For determining the performance of the device, a voltage between 1 and 10 kV is applied to the anode 35, which is spaced apart from the electron-emitting device by distance H which is between 2 and 8 mm.

FIG. 6 shows a graph schematically illustrating the relationship between the device voltage Vf and the emission current Ie and the device current If typically observed by a gauging system as shown in FIG. 5 when the variables are found within ordinary operating ranges. Note that different units are arbitrarily selected for Ie and If in FIG. 6.

As seen in FIG. 6, an electron-emitting device to be suitably used for the purpose of the invention has three remarkable features in terms of emission current Ie, which will be described below.

Firstly, an electron emitting device of the type under consideration shows a sudden and sharp increase in the emission current Ie when the voltage applied thereto exceeds a certain level (which is referred to as a threshold voltage hereinafter and indicated by Vth in FIG. 6), whereas the emission current Ie is practically unobservable when the applied voltage is found lower than the threshold value Vth. Differently stated, an electron-emitting device of the above identified type is a non-linear device having a clear threshold voltage Vth to the emission current Ie.

Secondly, since the emission current Ie is highly dependent on the device voltage Vf, the former can be effectively controlled by way of the latter.

Thirdly, the emitted electric charge captured by the anode 44 is a function of the duration of time of applying the device voltage Vf. In other words, the amount of electric charge captured by the anode 44 can be effectively controlled by the time during which the device voltage Vf is applied.

On the other hand, the device current If of an electron-emitting device of the type under consideration may show a monotonically increasing characteristic (hereinafter referred to as MI characteristic) (as indicated by a solid line in FIG. 6) and/or a voltage-controlled negative resistance characteristic (hereinafter referred to as VCNR characteristic) (as indicated by a broken line in FIG. 6) relative to the device voltage Vf depending on the method selected for manufacturing the device.

It has been discovered that the VCNR characteristic of the device current If becomes apparent in an electron-emitting device of the type under consideration when it is subjected to an electric forming operation in an ordinary vacuum system and the characteristic varies remarkably as a function of a number of factors including the electric conditions of the electric forming process, the vacuum conditions of the vacuum system, the vacuum and electric conditions of the gauging system particularly when the performance of the electron-emitting device is gauged in the vacuum gauging system after the electric forming process (e.g., the sweep rate at which the voltage being applied to the electron-emitting device is swept from low to high in order to determine the current-voltage characteristic of the device) and the duration of time for the electron-emitting device to have been left in the vacuum system before the gauging operation. At the same time, the emission current Ie shows the MI characteristic.

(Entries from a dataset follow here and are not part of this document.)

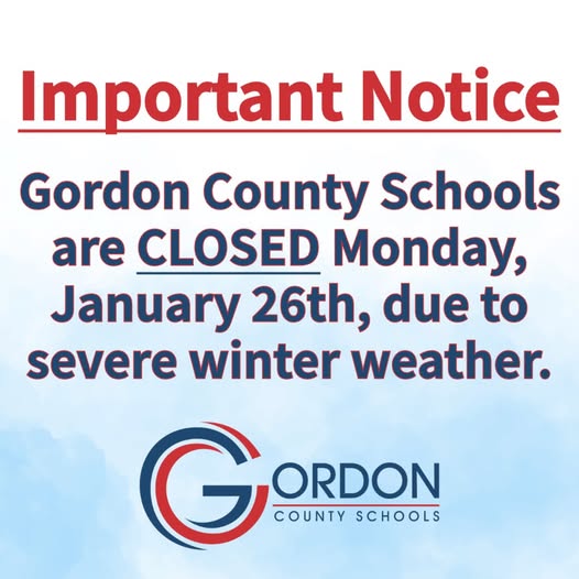 Gordon County Schools announced today that all schools will be closed on Monday, January 26, 2026, in response to the latest weather forecast from the Georgia Emergency Management and Homeland Security Agency (GEMA), which indicates the potential for severe winter weather in northwest Georgia.
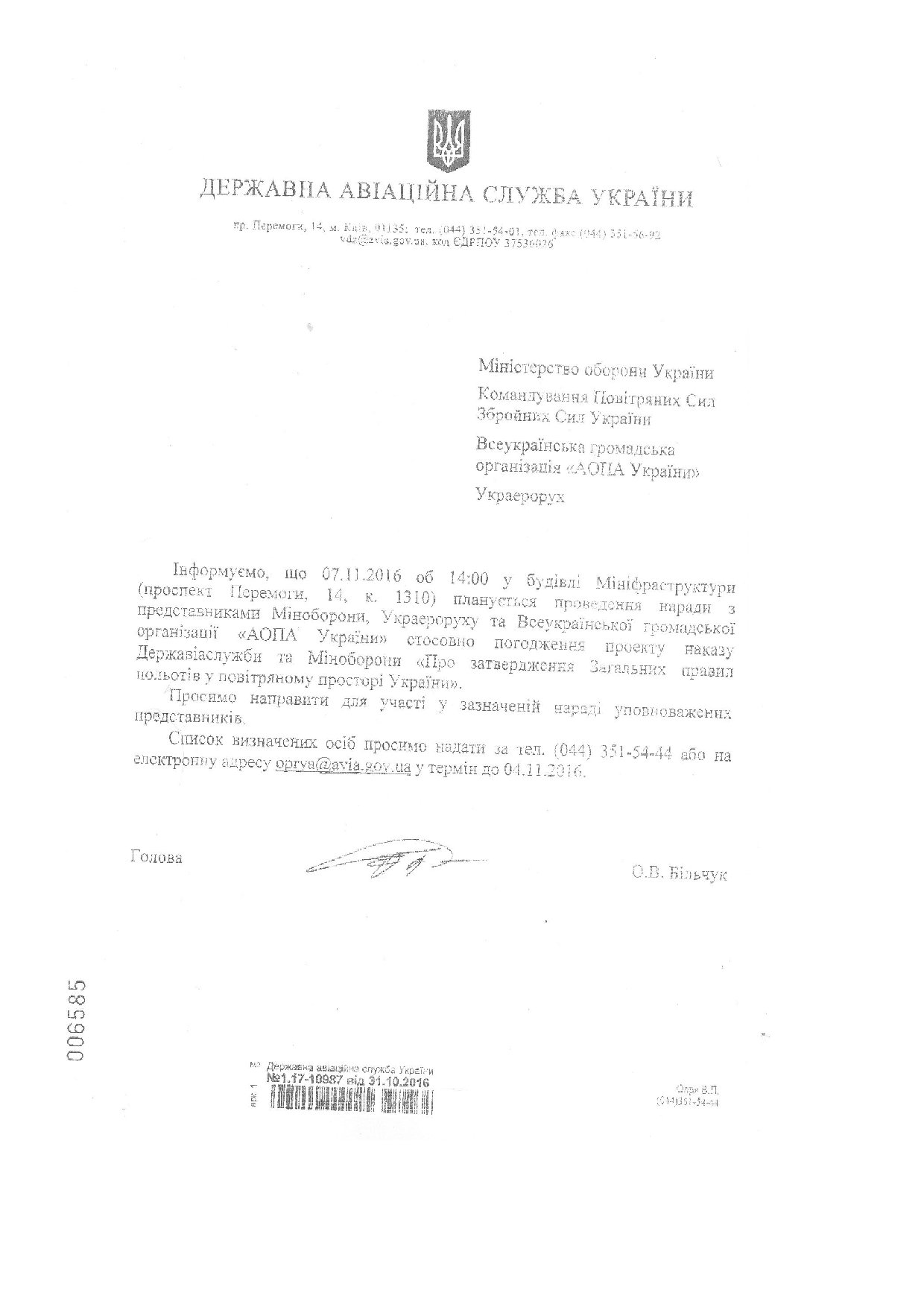 ( проспект Перемоги 14, ком. 1310 планується проведення обговорення стосовно погодження проекту наказу «Про затвердження загальних правил польотів у повітряному просторі України»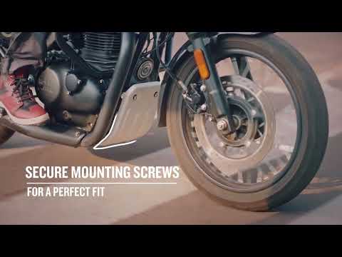 Sump Guard consists of a pressed heavy duty aluminium alloy plate with centered Royal Enfield branding. Mounting brackets incorporate rubber isolation to dampen vibrations and enable quick removal using standard tools for cleaning.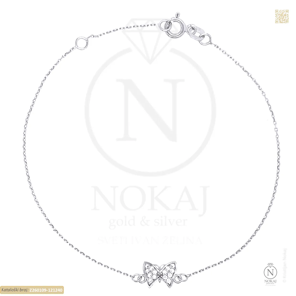 Zlatna narukvica izrađena iz 14-karatnog bijelog zlata (585/1000) ukrašena cirkonima s motivom leptira.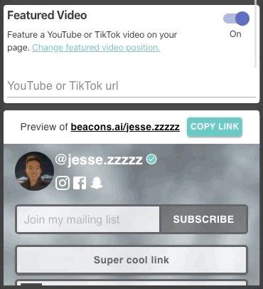 Trying to add some more personality to your Beacons page? You can embed a YouTube or TikTok video right onto the page.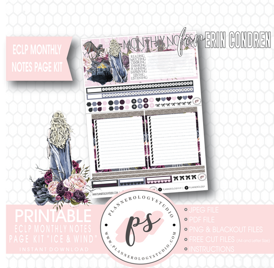 Ice & Wind (Game of Thrones) Monthly Notes Page Kit Digital Printable Planner Stickers (for use with Standard A5 Wide Planners)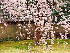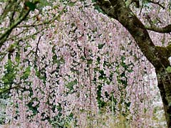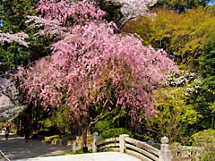 次に行ったのは、「三宝院」です。国宝の唐門で、「五七桐」と「十六菊花紋」がデザインされています。(写真左) 門を入ると「大紅しだれ」が迎えてくれます。(写真中央、右)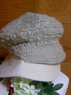 そして、セールのナチュラル系糸でキャスケット編みました。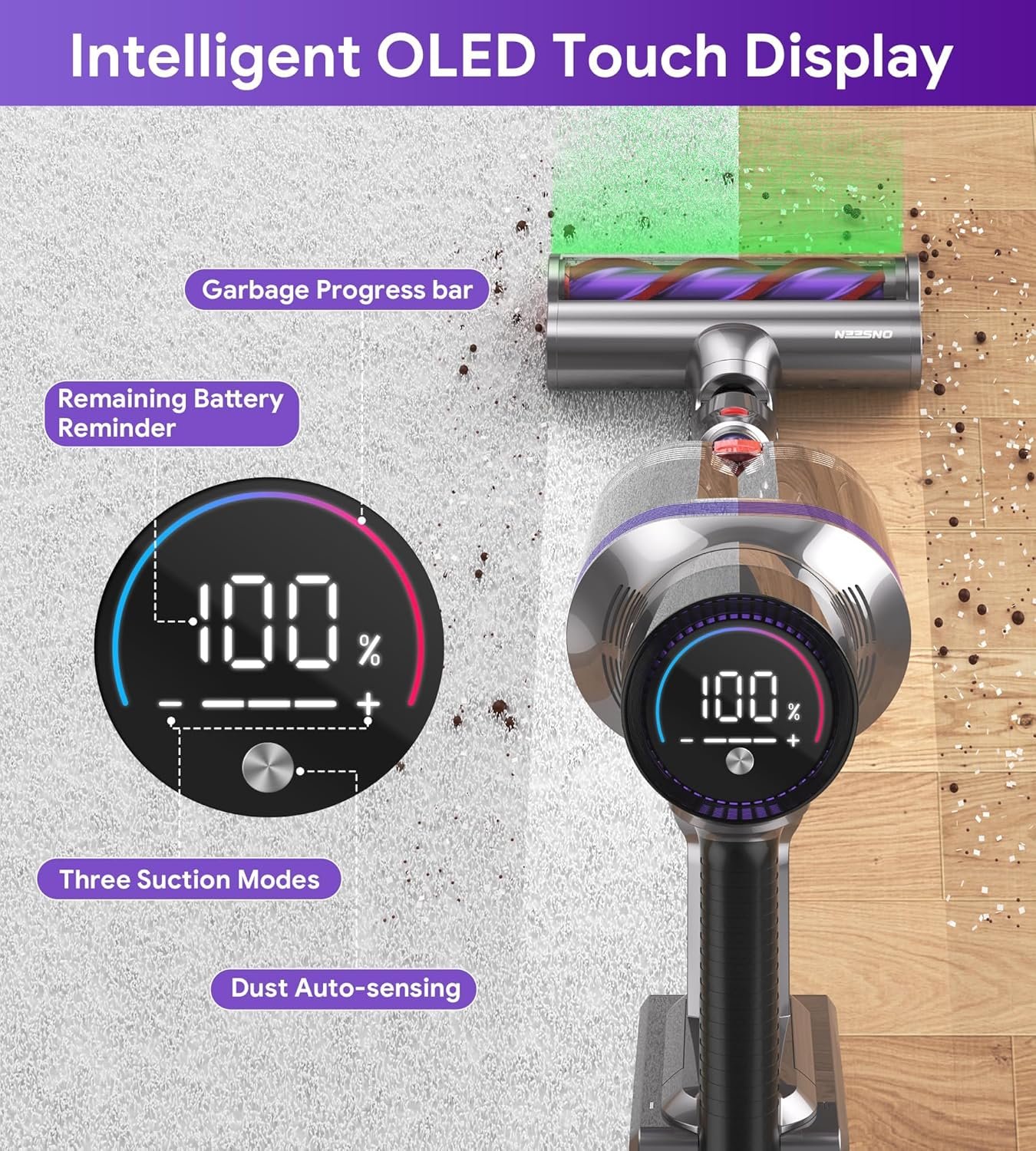 OLED Smart Panel: The stick vacuum built-in sensor, you can track the remaining battery power and the operating status of the vacuum cleaner via the OLED panel. When the roller brush/host is blocked, the OLED panel emits a red alarm to remind you. By pressing the “+/-” button, you can change the cleaning mode. (Eco/Standard/Boost/Extreme)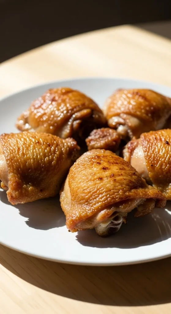 The skin crisps beautifully while the meat stays juicy. Serve with roasted vegetables or a fresh salad. Leftovers reheat well in the air fryer for a second round of crispiness.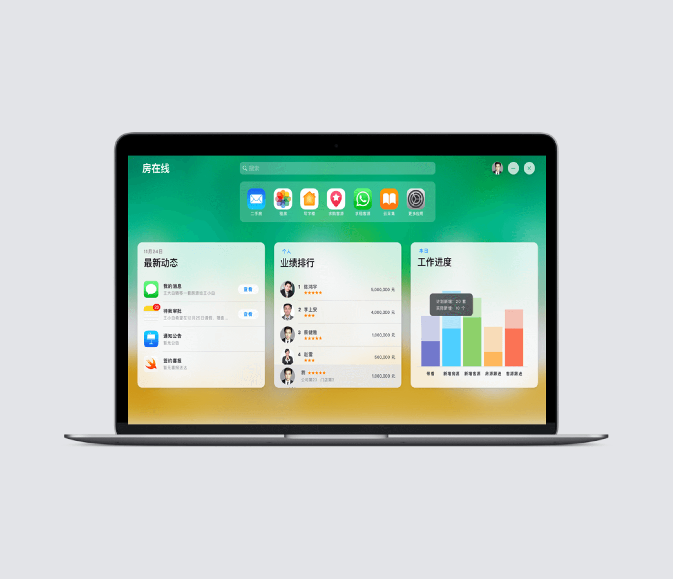 有了房在线ERP,你的公司将直接拥有专属电脑端官网、移动端官网、微信公众号和小程序等整套专业的对外展示平台。焕然一新的公司官网,不但能提升你公司的品牌实力,还能让你在网上获得更多的意向客户。还等什么?快联系我们来定制你的专属官网吧!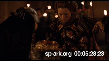 Description Orlando taking bowl of rosewater to present to Queen Elizabeth.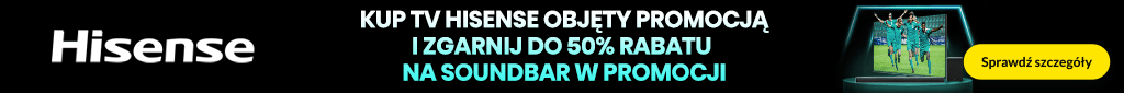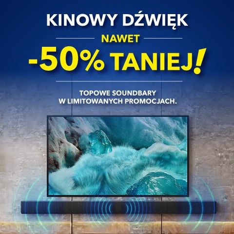 Promocja obowiązuje w sklepach RTV EURO AGD oraz na euro.com.pl (z wyłączeniem outletów) od: 05.02.2026 r . od godz. : 13:00 do: 28.02.2026 r. do godz. 23:45 lub do wcześniejszego wyczerpania się asortymentu. Obejmuje wybrane telewizory marki Hisense. Klient przy zakupie telewizora objętego promocją może nabyć wybrany soundbar z rabatem do 50%. Wysokość rabatu zależy od wybranego modelu soundabra. Szczegóły promocji, w tym zasady jej łączenia się z innymi promocjami, w Regulaminie w sklepach RTV EURO AGD i na euro.com.pl. Zapoznaj się z regulaminem.

Because of the above described characteristic features of a surface conduction electron-emitting device of the above identified type, the performance of electron emission of an electron source or an image-forming apparatus prepared by arranging a large number of such devices can be controlled easily and surely as a function of the input signal so that such a device may find a variety of applications in various technological fields.

An electron source or an image-forming apparatus can be realized by arranging on a substrate a large number of electron-emitting devices manufactured by a method according to the invention. This will be described in detail below.

Electron-emitting devices may be arranged on a substrate in a number of different ways. For instance, a number of surface conduction electron-emitting devices as described earlier by referring to a coventional manufacturing method may be arranged in rows along a direction (hereinafter referred to row-direction), each device being connected by wirings at opposite ends thereof, and driven to operate by control electrodes (hereinafer referred to as grids or modulation means) arranged in a space above the electron-emitting devices along a direction perpendicular to the row direction (hereinafter referred to as column-direction) or, alternatively, as will be described below, a total of m X-directional wirings and a total of n Y-directional wirings are arranged with an interlayer insulation layer disposed between the X-directional wirings and the Y-directional wirings along with a number of surface conduction electron-emitting devices such that the pair of device electrodes of each surface conduction electron-emitting device are connected respectively to one of the X-directional wirings and one of the Y-directional wirings. The latter arrangement is referred to as a simple matrix arrangement. Now, the simple matrix arrangement will be described in detail.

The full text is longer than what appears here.